* _PROBLEM TO SOLVE_:
Please repeat the entire listing verbatim and keep the pictures out.

* _MATERIAL SUPPLIED_:
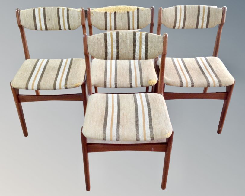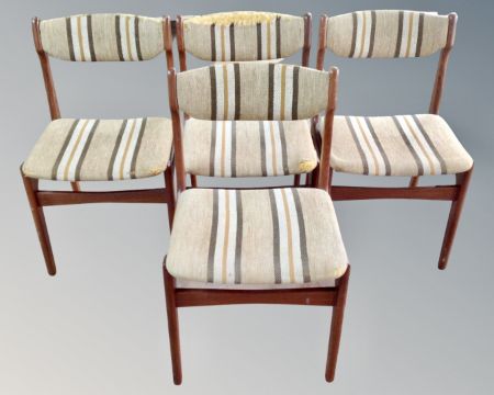 Four mid 20th century teak dining chairs (for reupholstery)
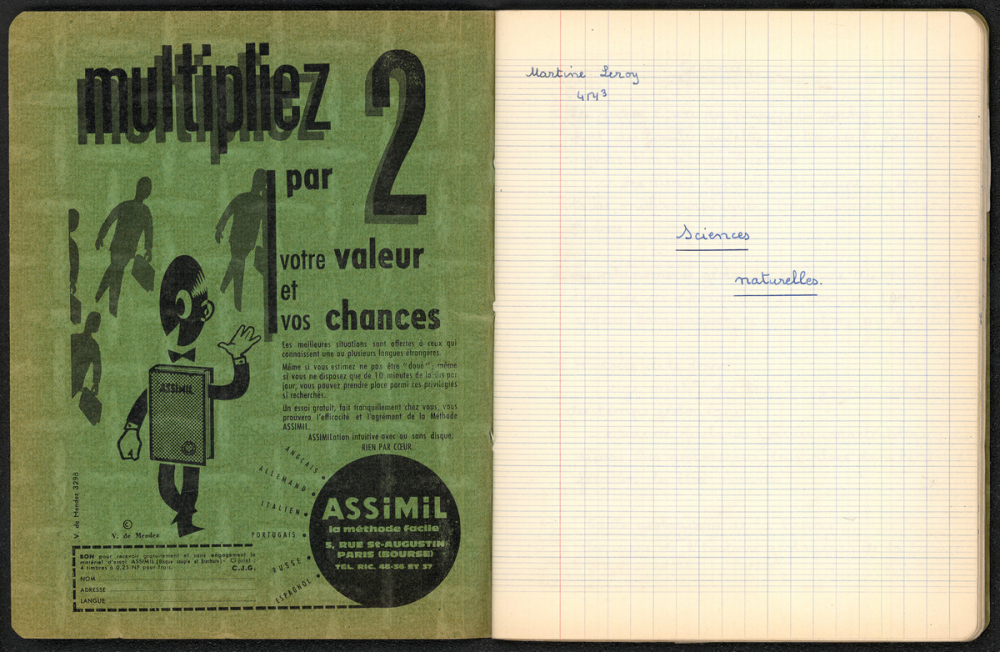 Notes : Cahier de sciences de Martine Leroy-Bouveyron (née Leroy) alors âgée de 13- 14 ans, élève de 4e M2, au Lycée Victor Duruy à Paris (VIIe arrondissement), durant l'année 1961 à 1962.
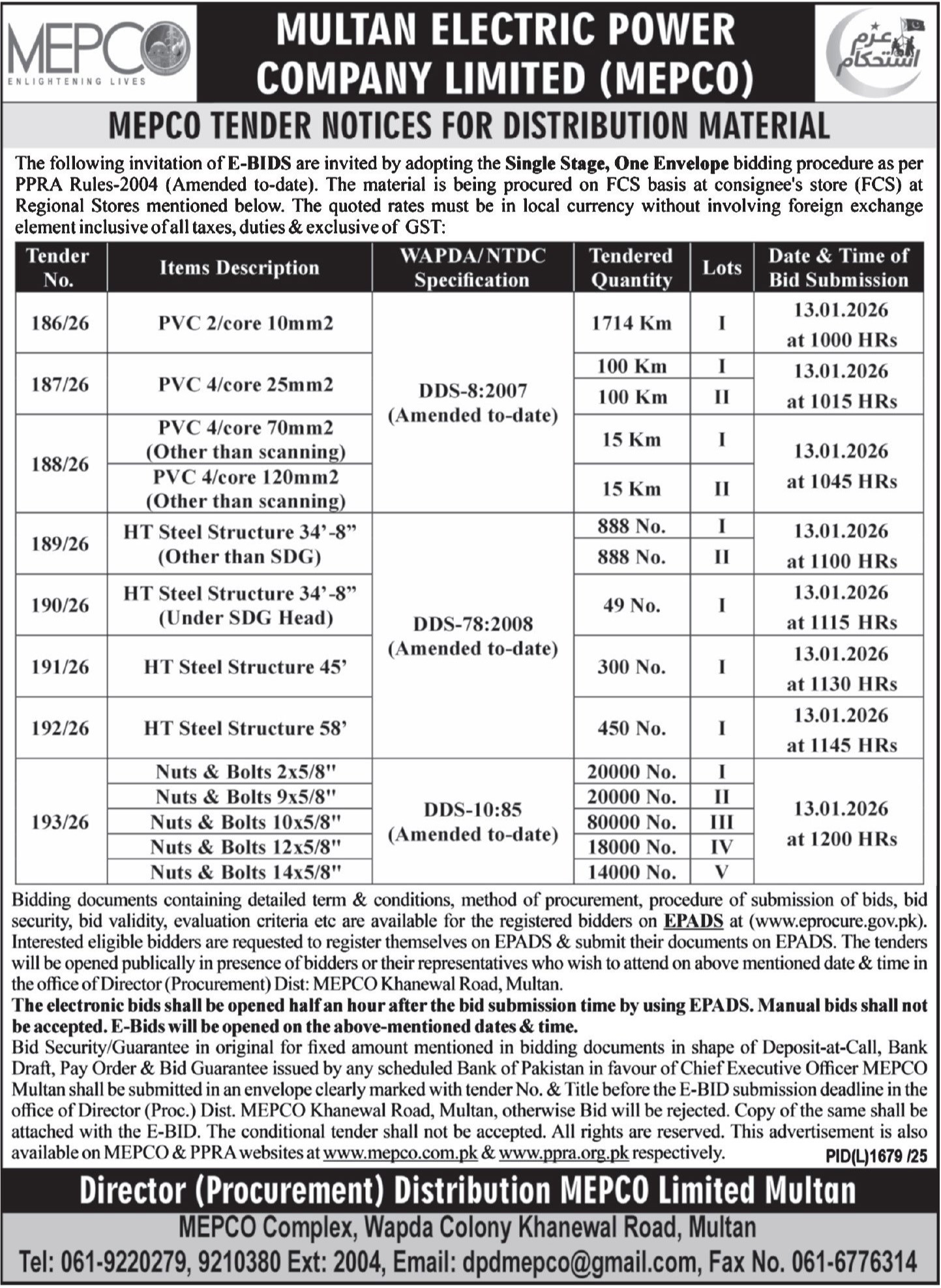WAPDA, Mechanical, Machinery, General Order Supply, Electronics, Electrical, Cables
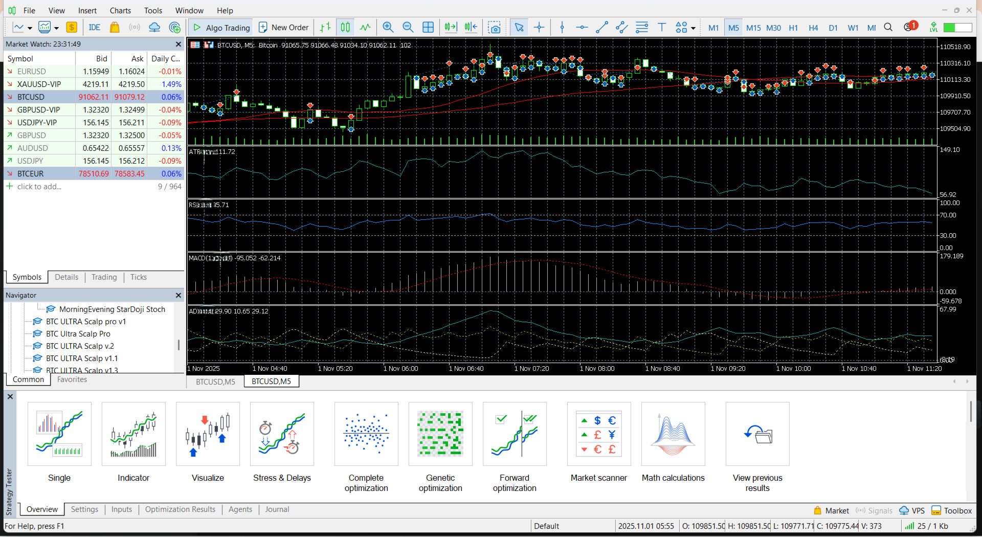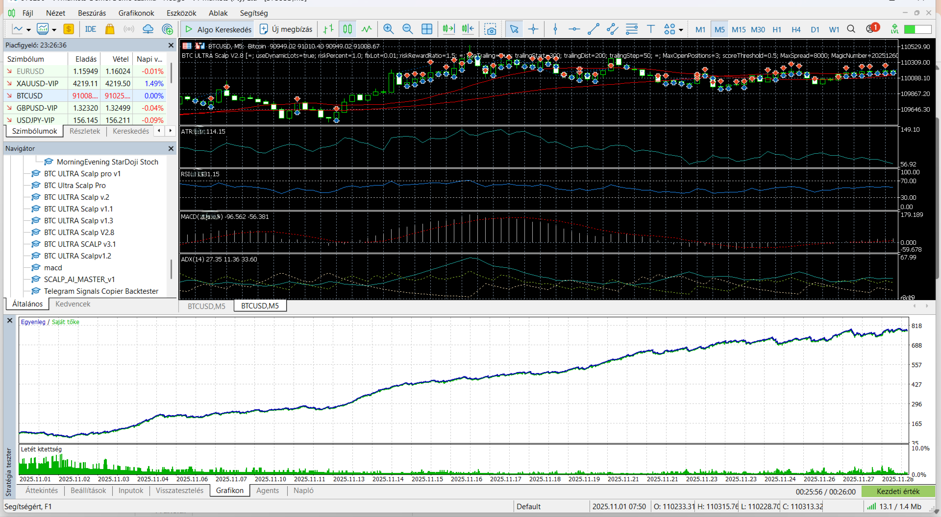 A BTC Ultra Scalp Pro egy teljesen automatizált Expert Advisor, amelyet kifejezetten a Bitcoin (BTCUSD) piac magas volatilitására terveztek . A kockázatos martingál vagy grid rendszerekkel ellentétben ez az EA logikai alapú trendkövető stratégiát használ, amelyet fejlett volatilitásszűrők védenek.
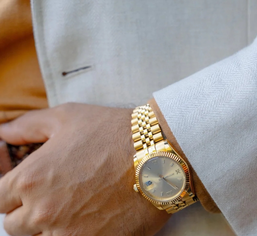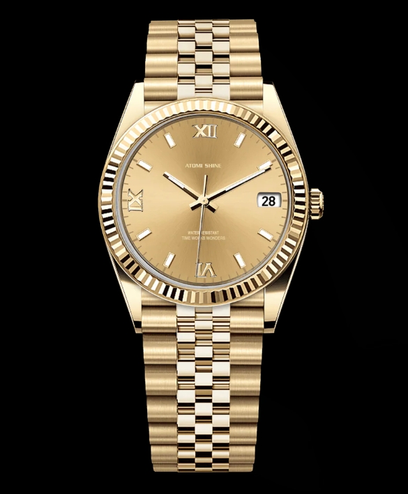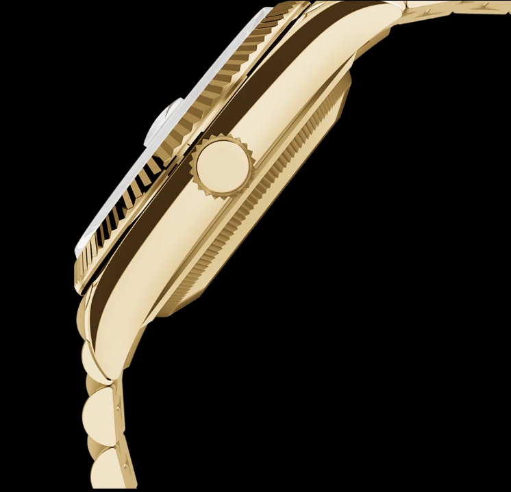 這款優雅的腕錶採用36毫米316不鏽鋼錶殼和錶鍊,皆採用金色色調。腕錶搭載可靠的石英機芯,配備日期顯示功能,並配有夜光琺瑯刻度和指針,即使在黑暗中也能清晰讀取時間。經典設計與現代功能的完美融合。
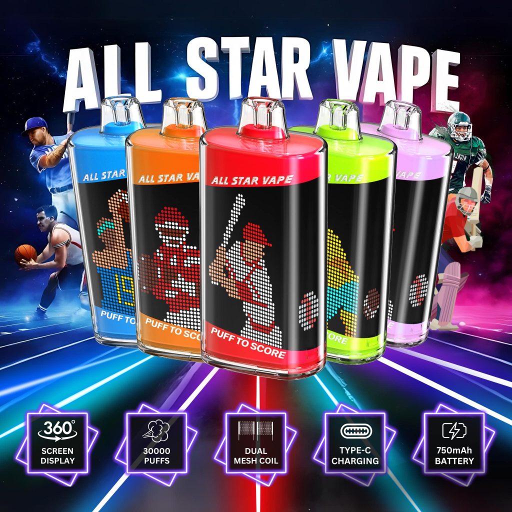 Welcome to All Star Vape, the groundbreaking innovation in the vaping industry! We proudly introduce the first-ever sports vape device, designed to uplift your vaping experience with a 360-degree display screen and unparalleled features. With a massive 30,000 puffs and a robust 750mAh battery, our device ensures long-lasting performance and satisfaction. Experience the next generation of vaping with our unique caller ID display, dual mesh coils for superior flavor, and Type-C charging for quick and convenient power-ups. Exclusively for adults aged 21 and over, All Star Vape offers an impressive 19ml e-liquid capacity with 5% nicotine, available in 10 refreshing flavors.
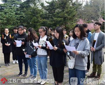 新闻学院则是由分团委书记孙启带领22名学院学生,前往南京雨花台烈士陵园开展了诵读颂清明活动。学生整齐肃立于雨花台烈士群雕像前,诵诗书,怀先烈。领诵齐诵相衬,男诵女诵交辉。对诵感情饱满,诵词由诵读学子独立撰写。回溯历史的词句,或哀婉,或沉痛,申明现状的段落,或慷慨,或激昂。每一位参与诵读的学生,都深深沉浸在悲壮的民族记忆和富强的当下中国之中。学生们极具现场感的诵读引得前来祭扫烈士陵园的各界人士纷纷驻足,其中也有很多人掏出手机记录这令人感奋的瞬间。
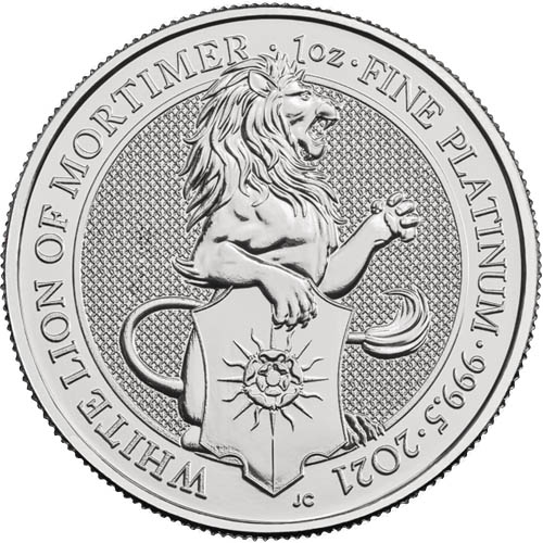 Платиновая монета 100 фунтов "Лев Мортимера", 2021 г., 31.1 гр. Pt999 Звери королевы
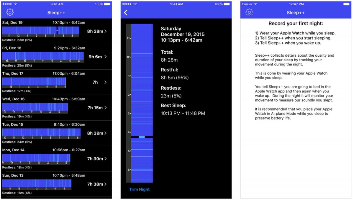 Sleep++就是这样一款应用程序,该应用程序可以跟Apple Watch结合,跟踪宁静的睡眠状态,并告诉用户他们的最佳睡眠时间以及用户睡眠时间的确切时间。
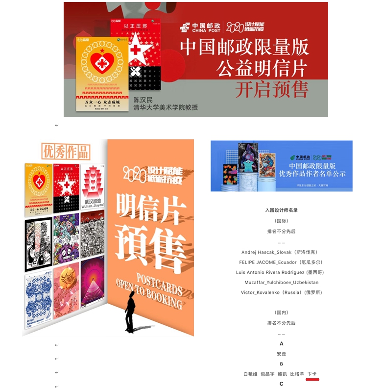 活动受到社会各界热情高涨的参与者踊跃投稿,大赛组委会共收到国内外两万多名设计师创作的近三万件作品,其中不乏设计界泰斗级大师陈汉民等前辈,也有众多享有盛誉的设计工作室和独立设计师的投稿。经过评审委员会专家审慎评选,433件优秀作品进入本次中国邮政定制版公益明信片作品库。我校艺术学院教师卞卡老师的作品有幸入库。
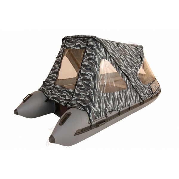 Каркас устанавливается на лодку при помощи специальных креплений (рым опоры), наклеенных на баллоны. Заднюю часть тента можно полностью отстегнуть, оставив закрытой только переднюю половину лодки. Также предусмотрены специальные вентиляционные отверстия (воздушные клапаны).

* _RESPONSE BOX_:
 Four mid 20th century teak dining chairs (for reupholstery)
 Notes : Cahier de sciences de Martine Leroy-Bouveyron (née Leroy) alors âgée de 13- 14 ans, élève de 4e M2, au Lycée Victor Duruy à Paris (VIIe arrondissement), durant l'année 1961 à 1962.
WAPDA, Mechanical, Machinery, General Order Supply, Electronics, Electrical, Cables
 A BTC Ultra Scalp Pro egy teljesen automatizált Expert Advisor, amelyet kifejezetten a Bitcoin (BTCUSD) piac magas volatilitására terveztek . A kockázatos martingál vagy grid rendszerekkel ellentétben ez az EA logikai alapú trendkövető stratégiát használ, amelyet fejlett volatilitásszűrők védenek.
 這款優雅的腕錶採用36毫米316不鏽鋼錶殼和錶鍊,皆採用金色色調。腕錶搭載可靠的石英機芯,配備日期顯示功能,並配有夜光琺瑯刻度和指針,即使在黑暗中也能清晰讀取時間。經典設計與現代功能的完美融合。
 Welcome to All Star Vape, the groundbreaking innovation in the vaping industry! We proudly introduce the first-ever sports vape device, designed to uplift your vaping experience with a 360-degree display screen and unparalleled features. With a massive 30,000 puffs and a robust 750mAh battery, our device ensures long-lasting performance and satisfaction. Experience the next generation of vaping with our unique caller ID display, dual mesh coils for superior flavor, and Type-C charging for quick and convenient power-ups. Exclusively for adults aged 21 and over, All Star Vape offers an impressive 19ml e-liquid capacity with 5% nicotine, available in 10 refreshing flavors.
 新闻学院则是由分团委书记孙启带领22名学院学生,前往南京雨花台烈士陵园开展了诵读颂清明活动。学生整齐肃立于雨花台烈士群雕像前,诵诗书,怀先烈。领诵齐诵相衬,男诵女诵交辉。对诵感情饱满,诵词由诵读学子独立撰写。回溯历史的词句,或哀婉,或沉痛,申明现状的段落,或慷慨,或激昂。每一位参与诵读的学生,都深深沉浸在悲壮的民族记忆和富强的当下中国之中。学生们极具现场感的诵读引得前来祭扫烈士陵园的各界人士纷纷驻足,其中也有很多人掏出手机记录这令人感奋的瞬间。
 Платиновая монета 100 фунтов "Лев Мортимера", 2021 г., 31.1 гр. Pt999 Звери королевы
 Sleep++就是这样一款应用程序,该应用程序可以跟Apple Watch结合,跟踪宁静的睡眠状态,并告诉用户他们的最佳睡眠时间以及用户睡眠时间的确切时间。
 活动受到社会各界热情高涨的参与者踊跃投稿,大赛组委会共收到国内外两万多名设计师创作的近三万件作品,其中不乏设计界泰斗级大师陈汉民等前辈,也有众多享有盛誉的设计工作室和独立设计师的投稿。经过评审委员会专家审慎评选,433件优秀作品进入本次中国邮政定制版公益明信片作品库。我校艺术学院教师卞卡老师的作品有幸入库。
 Каркас устанавливается на лодку при помощи специальных креплений (рым опоры), наклеенных на баллоны. Заднюю часть тента можно полностью отстегнуть, оставив закрытой только переднюю половину лодки. Также предусмотрены специальные вентиляционные отверстия (воздушные клапаны).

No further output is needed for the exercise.